Extreme Private Ethos: Japanese Documentaries (Film Series)
Film Series:
Extreme Private Ethos:
Japanese Documentaries
March 10-31, 2012
Asia Society and Museum
725 Park Avenue
New York, NY 10021
This series of documentaries, featuring films made from the 1970s to the present, focuses on the most intimate acts by filmmakers and documentary subjects as they probe into extremely private experiences concerning family, birth, death, loss, and heartbreak. Pushing the genre and subjects into uncharted territories, these films address various issues fundamental to documentary filmmaking: privacy, authority, authenticity, and responsibility. They also offer penetrating contemplations on Japanese society and individual lives.
Tickets: $7 members; $9 students/seniors; $11 nonmembers
All films with English subtitles. Click on individual programs for tickets, trailers and more information.
This series is supported in part by the Japan Foundation and New York State Council on the Arts.
Note on Japanese and Korean names mentioned below: last names precede first names.
Program 1:
Death of a Japanese Salesman
SUNADA Mami. 2011. 90 min. Color. HDCAM.
Saturday, March 10, 2012, 3:00 pm
Recently retired from a company after some 40 years of service, Sunada Tomoaki, father of filmmaker Sunada Mami, is diagnosed with terminal cancer and only has a few months left to live. True to his pragmatic core, Sunada sets out to accomplish a list of tasks before his final departure: playing with his grandchildren, planning his own funeral, and saying "I love you" to his wife. In a voice over, using words taken from her father's diary, filmmaker Sunada speaks tenderly in first person as the elder Sunada. Produced by the acclaimed director Kore-eda Hirokazu (Still Walking, Nobody Knows), the documentary, at once mournful and celebratory, is a moving tribute to the filmmaker's father.
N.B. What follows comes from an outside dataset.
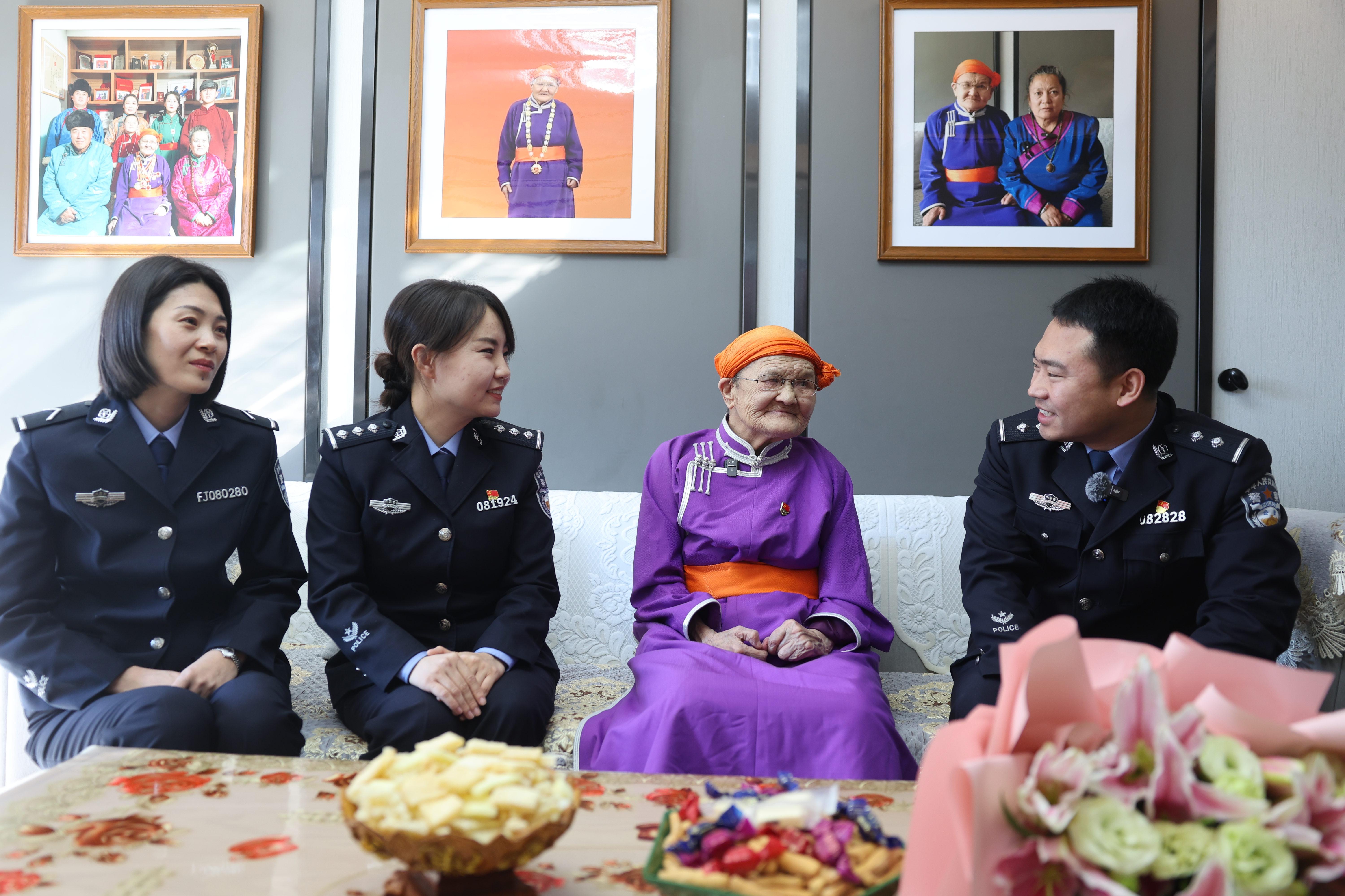 圖為錫林郭勒盟公安局民輔警走訪(fǎng)都貴瑪老人。

"The film provides an unflinching, unsentimental view of the dying process" — Mark Schilling, The Japan Times
Check out a short interview with filmmaker Sunada Mami here.
Program 2:
Dear Pyongyang
YANG Yonghi. 2005. 107 min. Color. HDCAM.
Sunday, March 11, 2012, 3:00 pm
A second-generation Korean Japanese, filmmaker Yang Yonghi grew up not understanding why her father, originally from the southern part of the Korean peninsula, decided to pledge loyalty to North Korea, became the local leader of a pro-North Korea organization, and sent his three teenage sons, then aged 14 to 18, to live in Pyongyang in the 1970s. Shot in both Osaka and Pyongyang, this film documents the family's various reunions in the North Korean capital, the ritual of sending large boxes of supplies to Pyongyang, and the filmmaker's complex relationship with her father marked by both ideological conflicts and affection. The film provides a rare glimpse into the life of ethnic Koreans in Japan as well as life in Pyongyang. The filmmaker has been banned from entering North Korea since the release of this film.
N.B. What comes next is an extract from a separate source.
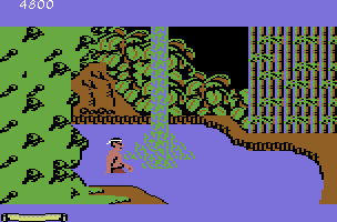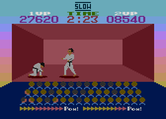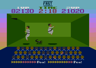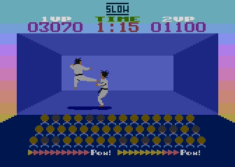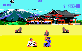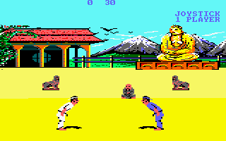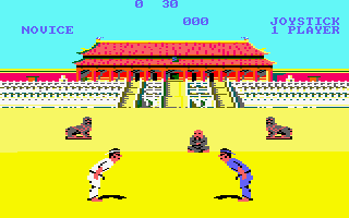 Author Adam Billyard also styled his creation after the arcade Karate Champ, but he made some unique variations. The joystick button is only used to turn around the karate fighter, which leaves only four attacks executed by holding certain directions - a punch, a normal kick, a crouching kick and a jump kick. While this severely limits the combat options, the health system is more complex. Hitting the opponent depletes his power bar, but it rapidly replenishes up to a certain point. Only when one combatant manages to completely empty the other's power bar, he goes down and both go back to their starting position to continue the bout. The more beating a fighter has to take, his power regeneration limit grows shorter and shorter, simulating fatigue. If one combatant falls below three nubs on the bar, the fight is over.

"The impossible personal and political quandaries experienced by ethnic Koreans living in Japan find gentle, touching expression in Yang Yonghi's docu, Dear Pyongyang." — Robert Koehler, Variety
Program 3: (Two films screened in one program)
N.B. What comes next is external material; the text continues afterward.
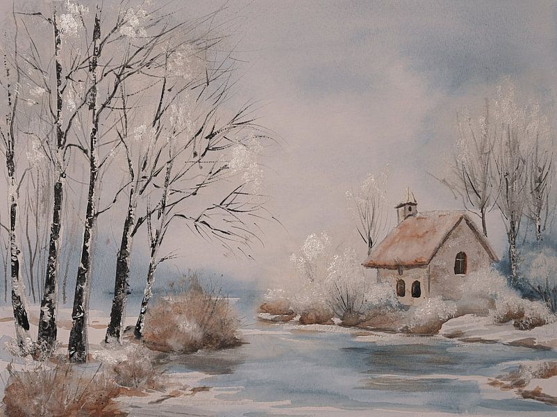 Watercolour painting of a winter landscape, featuring a lake and birch trees on the snow-covered shore. There is a charming little house on the opposite bank.

Up Close and Personal: Kawase Naomi
Sunday, March 18, 2012, 3:00 pm
Family has been a central theme in Kawase Naomi's work. Abandoned as an infant by her parents, who had already separated at the time of the filmmaker's birth, Kawase was adopted and raised by her great uncle and aunt. The abandonment has left a major scar in the filmmaker. Many of Kawase's documentaries confront issues of identity and family in an attempt to deal with the void she has felt since childhood.
Embracing
KAWASE Naomi. 1992. 40 min. Color. 16mm.
Against the advice of family members, filmmaker Kawase sets out to search for the father she has never met. As the filmmaker looks up old photographs and public registries to locate her father, a sense of loneliness and quiet perseverance permeates the screen. Made when Kawase was 23 years old, Embracing charts a deeply emotional journey filled with pain, emptiness and longing.
Tarachime
KAWASE Naomi. 2006. 43 min. Color. Digibeta.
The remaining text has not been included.